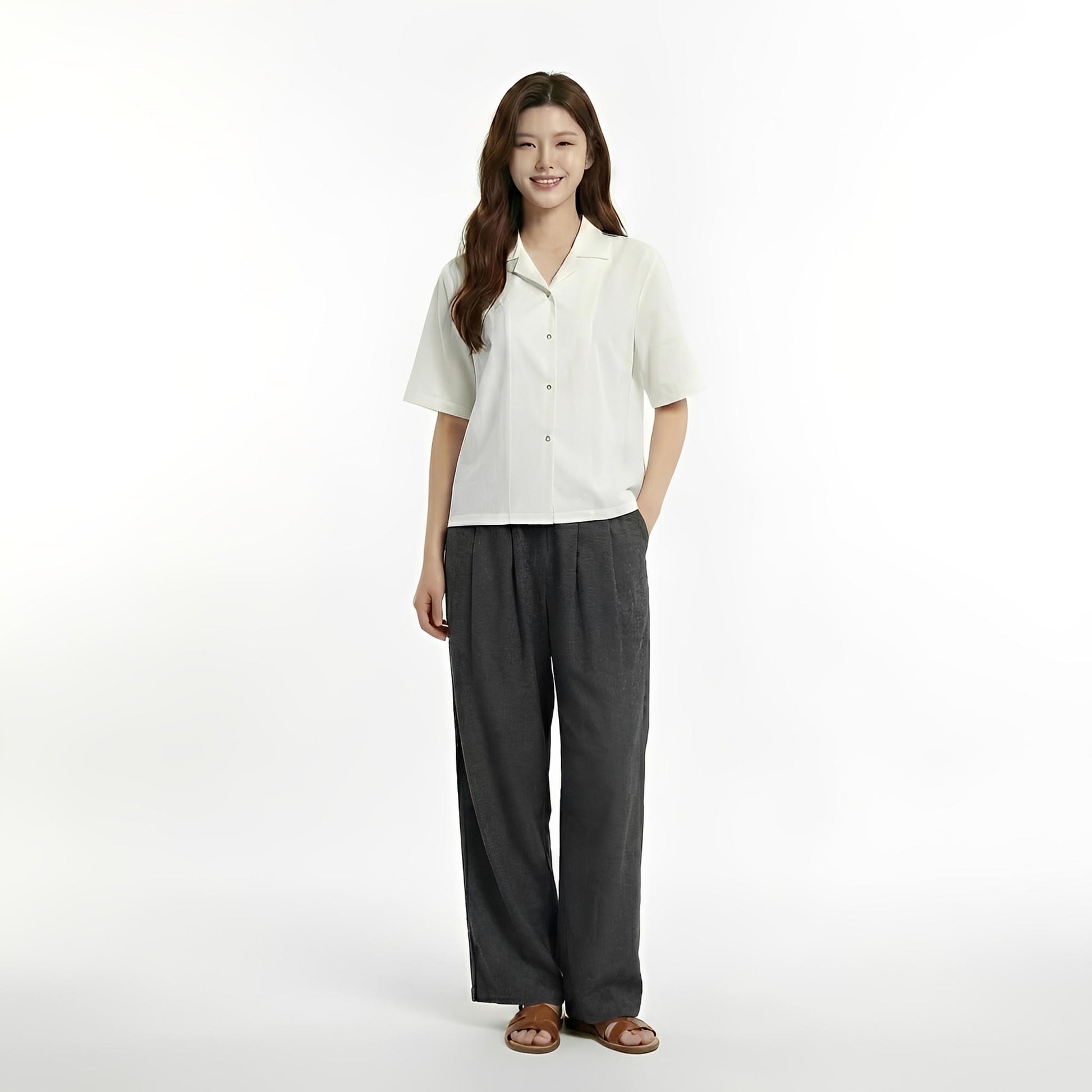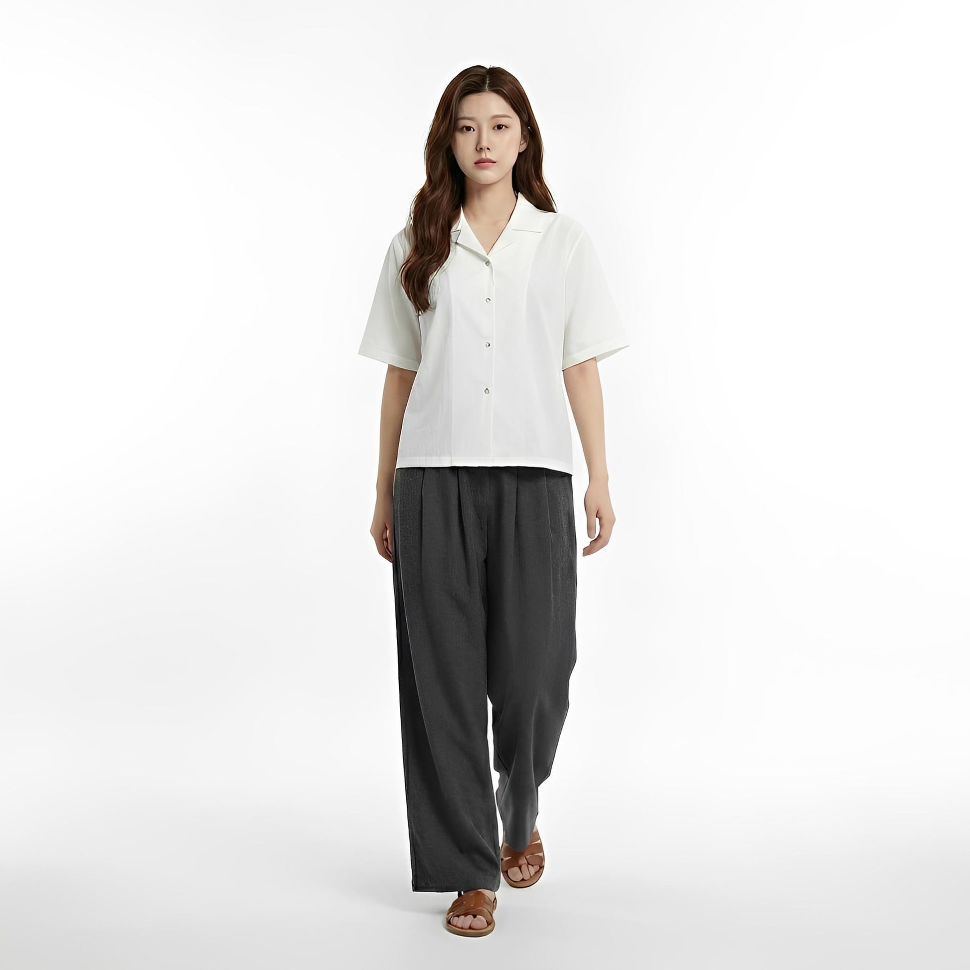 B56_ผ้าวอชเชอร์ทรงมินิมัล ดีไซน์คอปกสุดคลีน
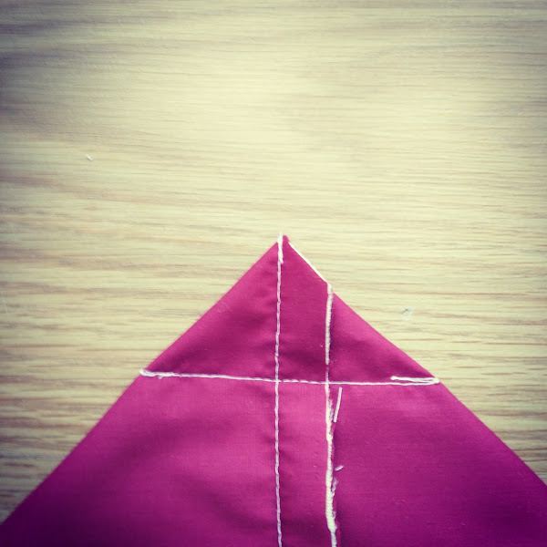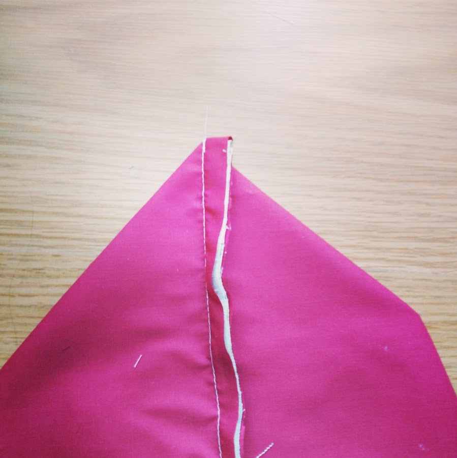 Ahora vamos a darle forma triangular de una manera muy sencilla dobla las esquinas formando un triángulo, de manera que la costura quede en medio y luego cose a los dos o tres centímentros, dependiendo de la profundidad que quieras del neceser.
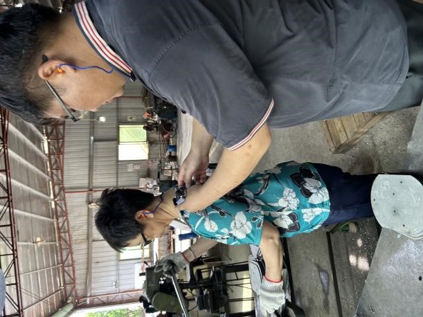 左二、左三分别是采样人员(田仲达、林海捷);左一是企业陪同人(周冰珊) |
----------
### About this exercise:
Print every line of the data exactly. Pictures do not belong in the copy.

### Your solution:
 B56_ผ้าวอชเชอร์ทรงมินิมัล ดีไซน์คอปกสุดคลีน
 Ahora vamos a darle forma triangular de una manera muy sencilla dobla las esquinas formando un triángulo, de manera que la costura quede en medio y luego cose a los dos o tres centímentros, dependiendo de la profundidad que quieras del neceser.
 左二、左三分别是采样人员(田仲达、林海捷);左一是企业陪同人(周冰珊) |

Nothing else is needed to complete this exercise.